Aujourd’hui, c’est la force d’Aramco et du contrat qui lie la F1 à l’Arabie saoudite qui se voit au travers de ces événements. Rappelons que l’Arabie saoudite paie 650 millions sur dix ans pour accueillir la F1. Devant cette pression financière, c’est toute l’image de la F1 qui vascille.
"La crédibilité de la FIA et de la F1 s’est évaporée comme une fumée noire dans l’air et les pilotes ont mangé leurs paroles sur le thème ’No War’" a déclaré Mikko Hyytia, journaliste de la chaîne finlandaise MTV Sport.
"Il est clair qu’Aramco, l’un des principaux partenaires de la F1 dont le centre de distribution a été touché vendredi, a tiré les ficelles très fort en coulisses. Mais où fixer la limite ? Où la F1 nous a-t-elle entraînés dans sa soif d’argent ?"
Pas de craintes réelles, mais une faiblesse de la F1 ?
Mervi Kallio, journaliste pour Viaplay, ne comprend même pas que la question se soit posée, et encore moins que l’issue soit celle-ci. Elle regrette que la sécurité passe à ce point au second plan à Djeddah.

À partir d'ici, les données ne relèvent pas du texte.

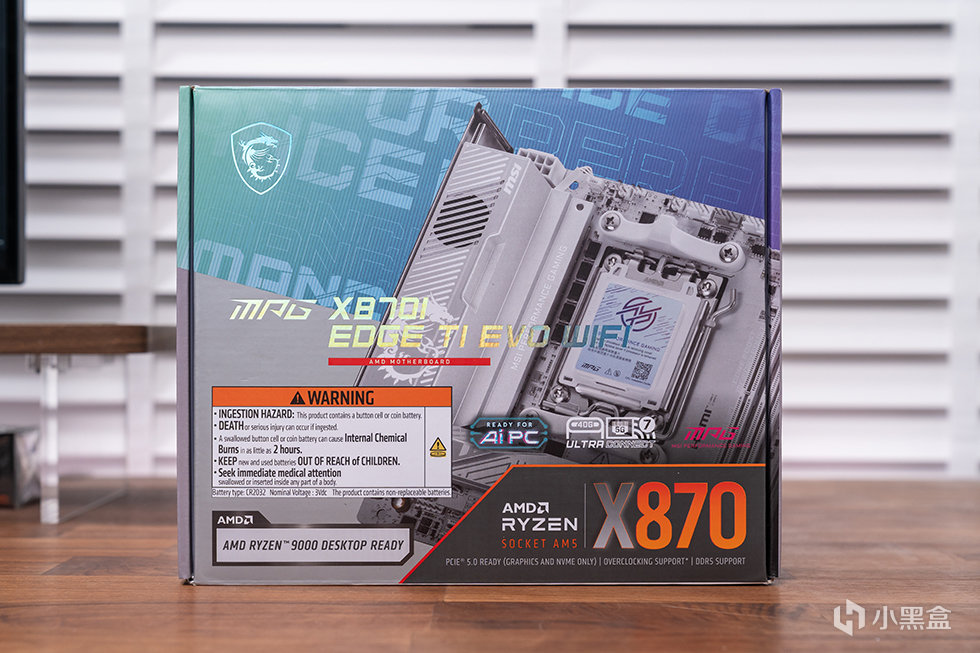 X870I刀鋒鈦主板的包裝承襲刀鋒鈦系列設計語言,整體呈現簡潔沉穩的設計基調。產品主視覺佔據右側大面積展示區域,正中央以鐳射工藝印刻產品型號名稱。下方標註有"AMD RYZEN 9000 DESKTOP READY"及"AMD X870"標識,包裝背面則詳細呈現產品核心特性與技術參數說明。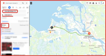 До центра Архангельска: время в пути 16 мин., расстояние 8 км.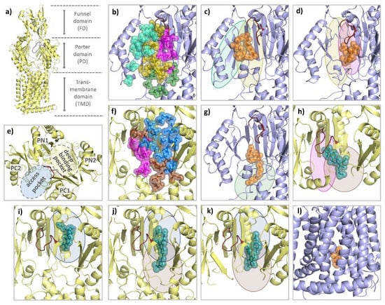 - Schuster, S.; Vavra, M.; Kern, W.V. Evidence of a Substrate-Discriminating Entrance Channel in the Lower Porter Domain of the Multidrug Resistance Efflux Pump AcrB. Antimicrob. Agents Chemother. 2016, 60, 4315–4323. [Google Scholar] [CrossRef]

"Si vous devez vous demander si vous devez piloter ou non après un tir de missile, et que le mantra est normalement la sécurité d’abord mais que vous dites que c’est complètement sûr, je ne pense pas qu’il y ait autre chose à discuter" lance-t-elle.
Un autre journal finlandais, Ilta Sanomat, juge la F1 pour avoir détourné le regard : "La F1 a reçu un avertissement inquiétant de sa négligence mais comme d’habitude, l’existence du problème n’a même pas été reconnue."
Un expert en politique de la région, Sebastian Sons, ne s’inquiète pas d’un attentat sur le circuit de Djeddah. En revanche, il pense que la F1 est désormais à la merci des intérêts saoudiens et de leurs activités et conflits.
"La Formule 1 est extrêmement importante sur le plan politique pour l’Arabie saoudite" déclare ce chercheur de l’institut de recherche CARPO à Bonn. "La F1 doit se demander si organiser une course de Formule 1 dans une telle situation a un quelconque sens."